Richard reported sporadic (roughly one in 10 or so) null dereferences and
other strange behaviour for a set of automated LTP tests. Things like:
BUG: kernel NULL pointer dereference, address: 0000000000000008
#PF: supervisor read access in kernel mode
#PF: error_code(0x0000) - not-present page
PGD 0 P4D 0
Oops: 0000 [#1] PREEMPT SMP PTI
CPU: 0 PID: 1516 Comm: umount Not tainted 5.10.0-yocto-standard #1
Hardware name: QEMU Standard PC (Q35 + ICH9, 2009), BIOS rel-1.13.0-48-gd9c812dda519-prebuilt.qemu.org 04/01/2014
RIP: 0010:kernfs_sop_show_path+0x1b/0x60
...or these others:
RIP: 0010:do_mkdirat+0x6a/0xf0
RIP: 0010:d_alloc_parallel+0x98/0x510
RIP: 0010:do_readlinkat+0x86/0x120
There were other less common instances of some kind of a general scribble
but the common theme was mount and cgroup and a dubious dentry triggering
the NULL dereference. I was only able to reproduce it under qemu by
replicating Richard's setup as closely as possible - I never did get it
to happen on bare metal, even while keeping everything else the same.
In commit 71d883c37e8d ("cgroup_do_mount(): massage calling conventions")

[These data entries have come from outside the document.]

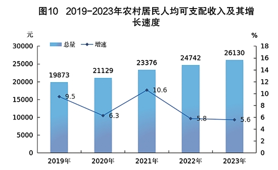 全年农村居民人均可支配收入26130元,比上年增长5.6%。其中,工资性收入19233元,占全部可支配收入的73.6%。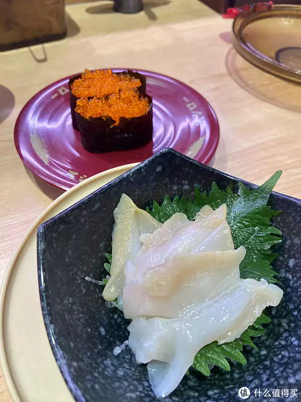 海螺刺身:比较滑,口感不错,但是有点“筋”,吃到“筋”的时候口感没有那么好;个人很喜欢垫刺身的紫苏叶,蘸点咸酱油很绝。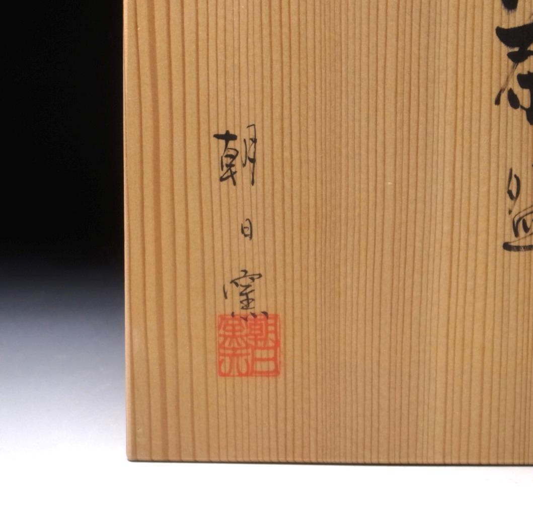 Asahi was famous from the commencement for making vessels in which the ground tea was stored, but it also produced those objects which have been described as being related to the Tea ceremony. So famous were these vessels, that a noted chajin, leader of the ceremony, no less a man than Kobori Masakatsu, son of Kobori Totomi-no-Kami, the founder of one branch of these ceremonies, encouraged the potter by honouring him with a seal for marking his ware. The presentation of a seal for this purpose was a distinct recognition of merit. The tenth Zengoro received a gold seal from the Prince of Kii in 1827 and a silver seal inscribed Yeiraku.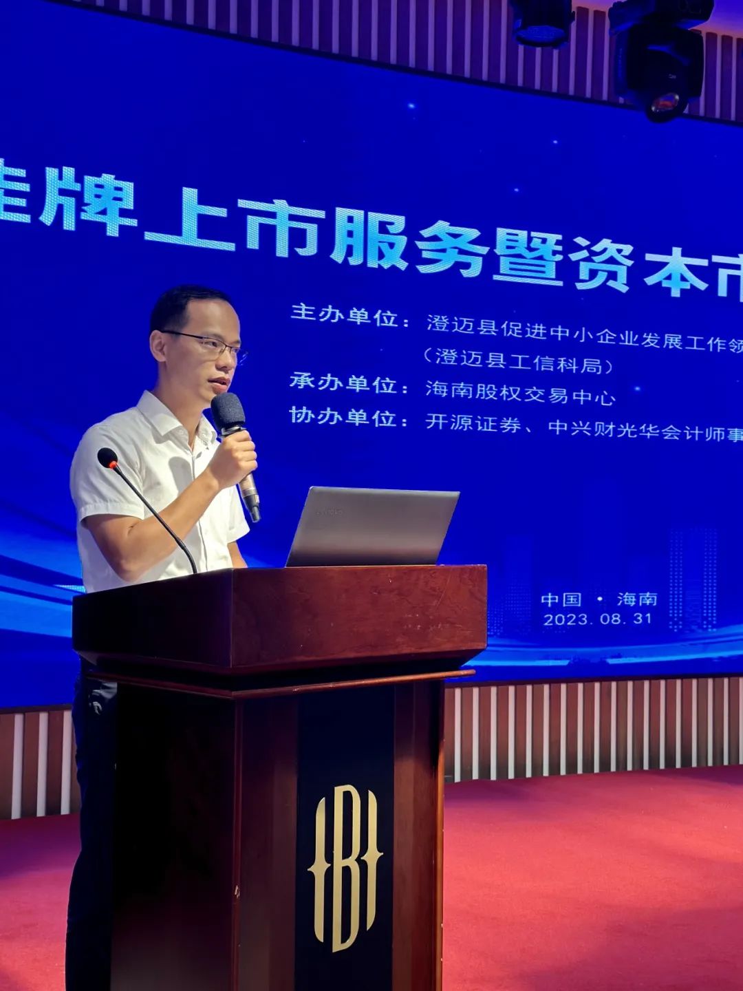 為幫助澄邁企業(yè)及時(shí)掌握上市掛牌最新政策、搶抓資本市場(chǎng)改革機(jī)遇,加快企業(yè)在多層次資本市場(chǎng)上市掛牌步伐,8月31日,海南股權(quán)交易中心聯(lián)合券商及會(huì)計(jì)師事務(wù)所,為澄邁企業(yè)舉辦掛牌上市服務(wù)暨資本市場(chǎng)路徑規(guī)劃專題培訓(xùn)。澄邁縣工業(yè)信息化和科學(xué)技術(shù)局副局長(zhǎng)朱綠華,澄邁縣金融工作中心主任許夢(mèng)瑤,海南股權(quán)交易中心董事長(zhǎng)朱磊、總經(jīng)理吳杰參加本次活動(dòng)。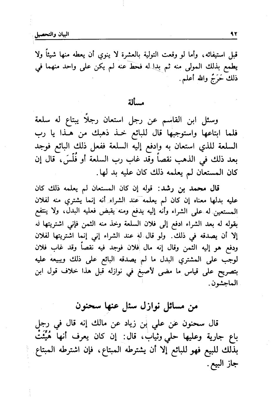 من مسائل نوازل سئل عنها سحنون قال سحنون عن علي بن زياد عن مالك إنه قال في رجل باع جارية وعليها حلي وثياب، قال: إن كان يعرف أنها هيئت بذلك للبيع فهو للبائع إلا أن يشترطه المبتاع، فإن اشترطه المبتاع جاز البيع.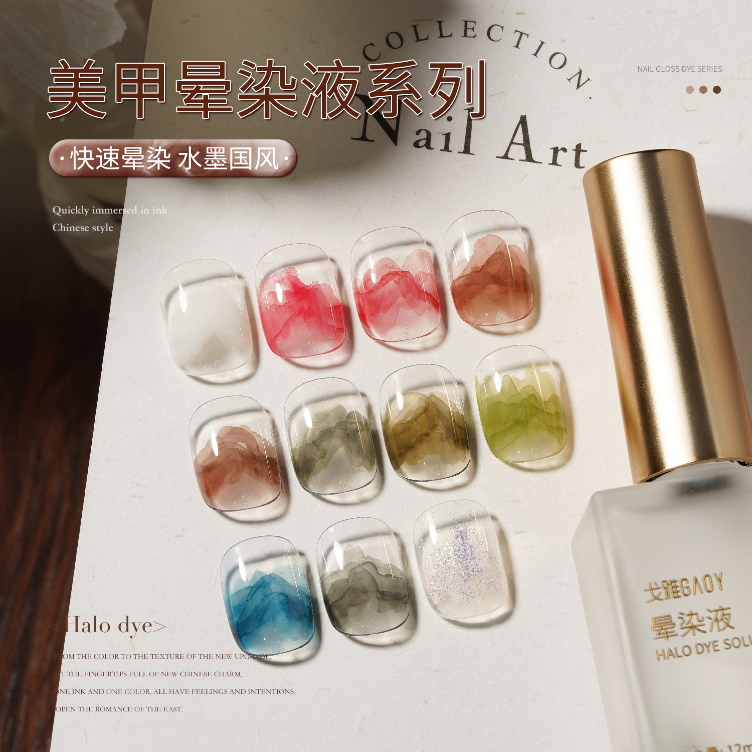 gaoy戈雅暈染液美甲店專用國風水墨大理石紋暈染膠漸變透明水彩液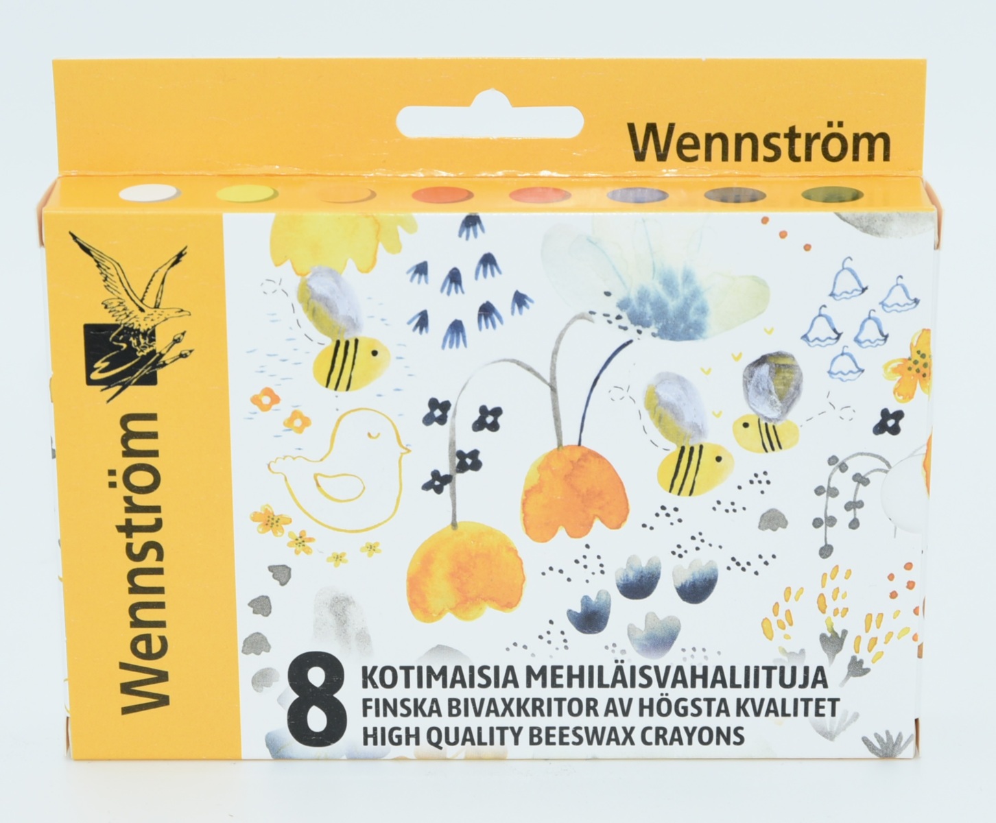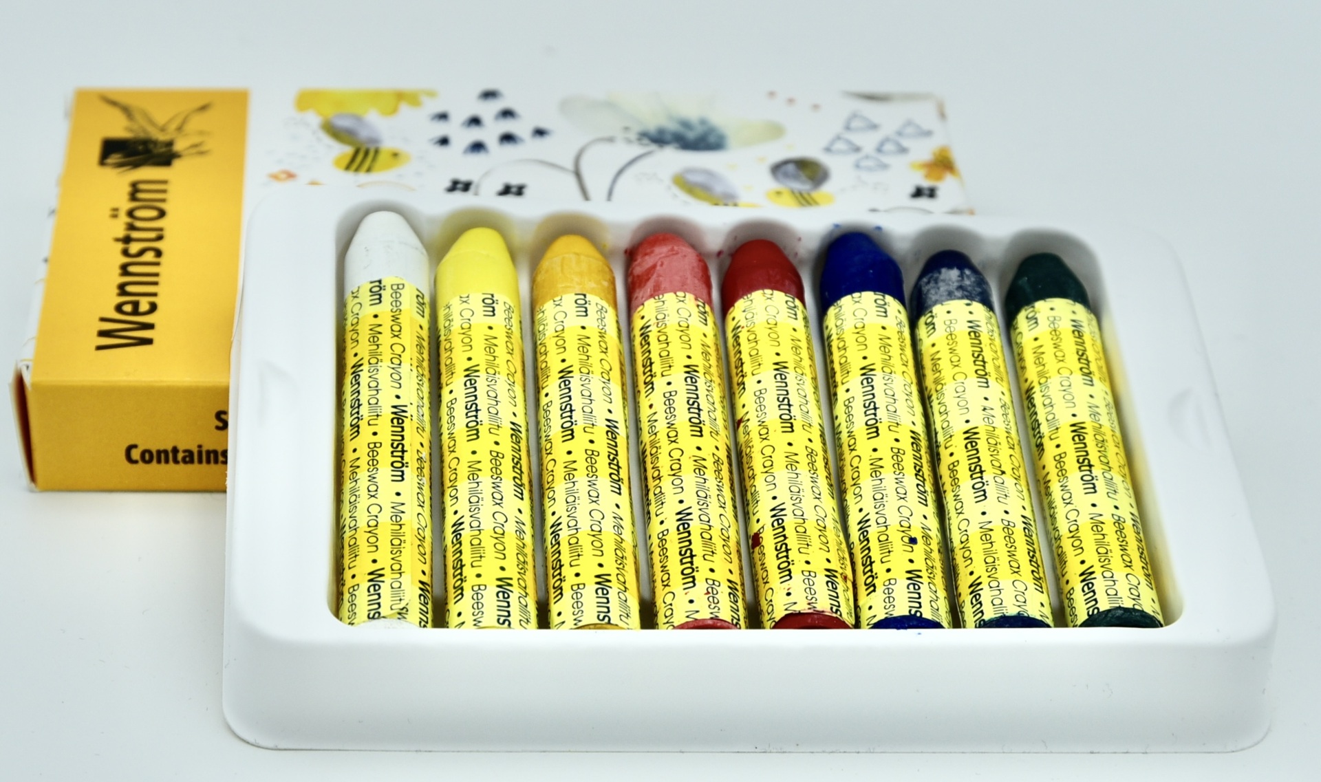8 st/fp. Skyddspapper på kritorna. Färgen är vatten- och ljusbeständig. Innehåller renat bivax. Kan användas på papper, kartong, trä, glas, plast, gummi och metall. Mått: längd 80 mm, ø 12 mm. PVC-fri.

we see this as a part of the overall change:
--------------
struct cgroup_subsys *ss;
- struct dentry *dentry;
[...]
- dentry = cgroup_do_mount(&cgroup_fs_type, fc->sb_flags, root,
- CGROUP_SUPER_MAGIC, ns);
[...]
- if (percpu_ref_is_dying(&root->cgrp.self.refcnt)) {
- struct super_block *sb = dentry->d_sb;
- dput(dentry);
+ ret = cgroup_do_mount(fc, CGROUP_SUPER_MAGIC, ns);
+ if (!ret && percpu_ref_is_dying(&root->cgrp.self.refcnt)) {
+ struct super_block *sb = fc->root->d_sb;
+ dput(fc->root);
deactivate_locked_super(sb);
msleep(10);
return restart_syscall();
}
--------------
In changing from the local "*dentry" variable to using fc->root, we now
export/leave that dentry pointer in the file context after doing the dput()
in the unlikely "is_dying" case. With LTP doing a crazy amount of back to
back mount/unmount [testcases/bin/cgroup_regression_5_1.sh] the unlikely
becomes slightly likely and then bad things happen.
A fix would be to not leave the stale reference in fc->root as follows:
--------------
dput(fc->root);
+ fc->root = NULL;
deactivate_locked_super(sb);
--------------
...but then we are just open-coding a duplicate of fc_drop_locked() so we
simply use that instead.
Cc: Al Viro <[email protected]>
Cc: Tejun Heo <[email protected]>
Cc: Zefan Li <[email protected]>
Cc: Johannes Weiner <[email protected]>
Cc: [email protected] # v5.1+
Reported-by: Richard Purdie <[email protected]>
Fixes: 71d883c37e8d ("cgroup_do_mount(): massage calling conventions")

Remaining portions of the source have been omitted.